Снарядили десять стругов.
А потом Васильев собрал круг и молвил:
- Просьба к вам, атаманы-молодцы. Погодили бы расходиться по
станицам. Глянь на Раздоры. Крепость чудом держится. Тын пробит до
третьего ряда, снесены башни, засыпан ров. Негоже нам, казакам,
Раздоры в таком виде бросить. Добро бы подновить крепость. Поганые
могут и вернуться.
- А пущай, батько! Как придут, так и уйдут. Сабля завсегда при
нас! - задорно выкрикнул Устим Секира.
- Сабля-то при нас, а вот крепость развалилась. Не только
разбита, но и сожжена. Не крепость - головешка. Восстановить, гутарю,
надо. Она нас от орды прикрыла. Матерь родная нам Раздоры. Так ужель
дети свою мать бросят? Ужель вольной крепости на Дону не стоять?
И круг горячо отозвался:
- Стоять, батько!
- Подновим крепость!
- Навеки стоять!
В тот же день вооружились топорами, сели на струги и поплыли за
лесом.
Ладили крепость споро, в охотку: недавние мужики по топору
соскучились, по смоляному запаху срубов. Многие вспоминали свои
деревеньки, избы из звонкой сосны.
Рад был плотничьему делу и Болотников. В селе Богородском ему не
раз доводилось стучать топором. Приноравливался к пожилым мужикам,
деревянных дел мастерам, что славились на всю округу. Постиг от них
разные рубки: в обло, когда круглое бревно кладется чашкой вверх или
вниз; в крюк, когда рубятся брусья, развал и пластинник, а концы
пропускаются наружу; в лапу, когда изба рубится без углов...

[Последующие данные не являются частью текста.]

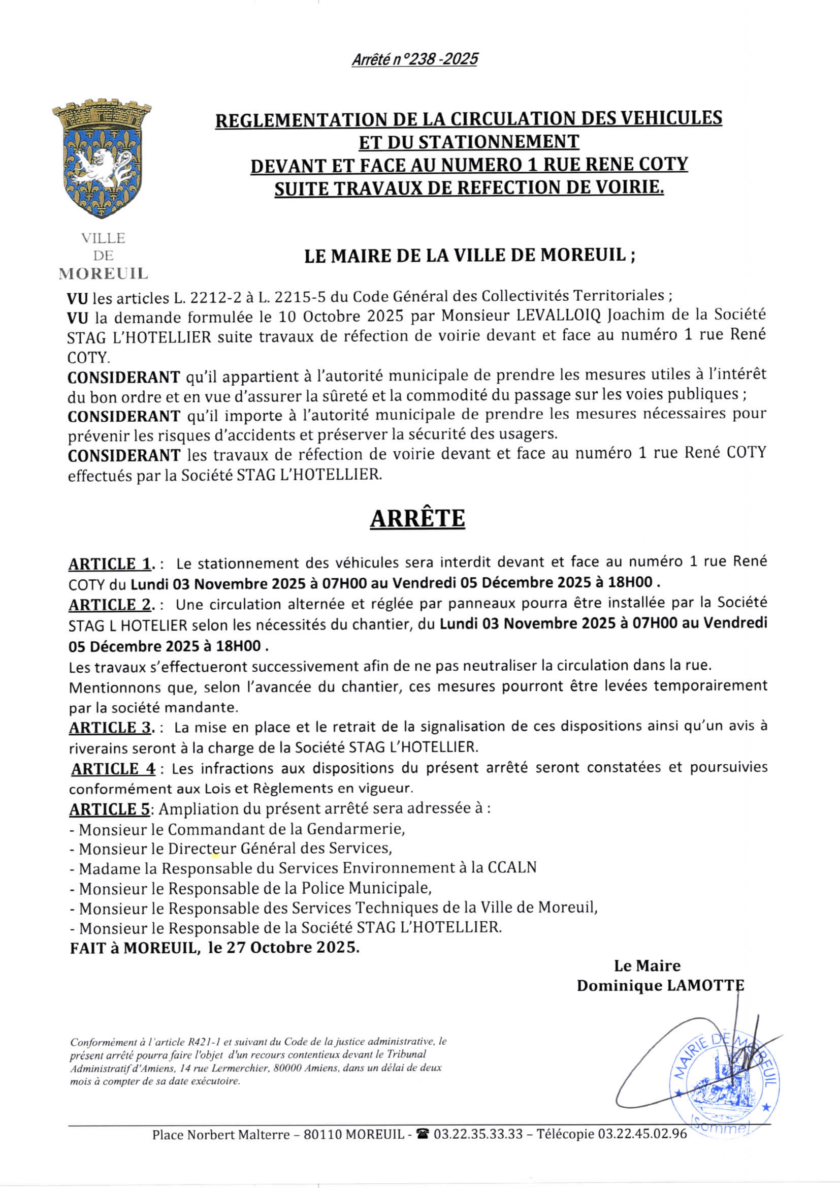 Arrêté n°238/2025

Крепость оживала, молодела, поднимаясь новыми башнями. Среди
плотников сновал отец Никодим, ворчал, потрясая медным крестом:
- Христопродавцы, греховодники! Храм наперед надо ставить. Сколь
воинства пало, а за упокой и помолиться негде. Негоже, православные,
забыли бога!
Казаки, стуча топорами, посмеивались:
- Поспеешь с храмом, отче. На твой лик будем креститься. Ты у нас
на Николу-чудотворца схож. Бог-от простит.

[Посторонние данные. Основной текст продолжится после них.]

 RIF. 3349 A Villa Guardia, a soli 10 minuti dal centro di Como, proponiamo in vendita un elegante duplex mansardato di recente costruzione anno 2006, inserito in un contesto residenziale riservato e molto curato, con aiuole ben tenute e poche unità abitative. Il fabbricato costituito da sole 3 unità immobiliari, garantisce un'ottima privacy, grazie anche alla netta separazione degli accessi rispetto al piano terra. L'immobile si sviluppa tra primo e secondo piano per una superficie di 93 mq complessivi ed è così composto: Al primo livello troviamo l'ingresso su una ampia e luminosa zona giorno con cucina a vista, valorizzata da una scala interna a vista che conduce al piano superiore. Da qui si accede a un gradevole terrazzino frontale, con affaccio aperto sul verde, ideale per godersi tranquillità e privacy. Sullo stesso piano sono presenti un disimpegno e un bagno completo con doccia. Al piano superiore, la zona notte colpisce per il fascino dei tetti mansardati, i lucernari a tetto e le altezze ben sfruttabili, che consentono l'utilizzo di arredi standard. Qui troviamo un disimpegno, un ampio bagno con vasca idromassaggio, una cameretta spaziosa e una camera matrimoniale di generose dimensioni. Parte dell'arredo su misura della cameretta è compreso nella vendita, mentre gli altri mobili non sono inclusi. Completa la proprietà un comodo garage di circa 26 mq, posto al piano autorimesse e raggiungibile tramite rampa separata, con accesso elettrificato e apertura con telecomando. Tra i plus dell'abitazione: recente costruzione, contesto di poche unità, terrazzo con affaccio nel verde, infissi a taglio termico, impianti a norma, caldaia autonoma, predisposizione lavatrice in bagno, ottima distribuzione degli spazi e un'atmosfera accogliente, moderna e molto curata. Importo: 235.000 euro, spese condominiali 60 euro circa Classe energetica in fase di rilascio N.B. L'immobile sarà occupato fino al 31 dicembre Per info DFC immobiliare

- Не простит, греховодники! - ярился Никодим.
- Вестимо: у казака грехов, что кудрей на баране. Ни один
благочинный не замолит. Так пошто нам храм, батюшка? Един черт в ад
попадем, - хохотнул Устим Секира.
- Тьфу, окаянный! Не поминай дьявола... Ты и впрямь в преисподнюю
угодишь. Примечал тебя, немоляху. Подле храма жил, но ко мне и ногой
не ступал. В кабак бегал, нечестивец!
- А то как же, батюшка. Хоть церковь и близко, да ходить склизко,
а кабак далеконько; да хожу потихоньку.
- Любо, Секира! - заржали казаки.
Никодим еще пуще разошелся:
- Прокляну, антихрист!
Секира, скорчив испуганную рожу, рухнул на колени.
- Батюшка, прости! В чужую клеть пусти, пособи нагрести да и
вынести.
- Тьфу, еретик!
Никодим в сердцах сплюнул и побрел к атаману.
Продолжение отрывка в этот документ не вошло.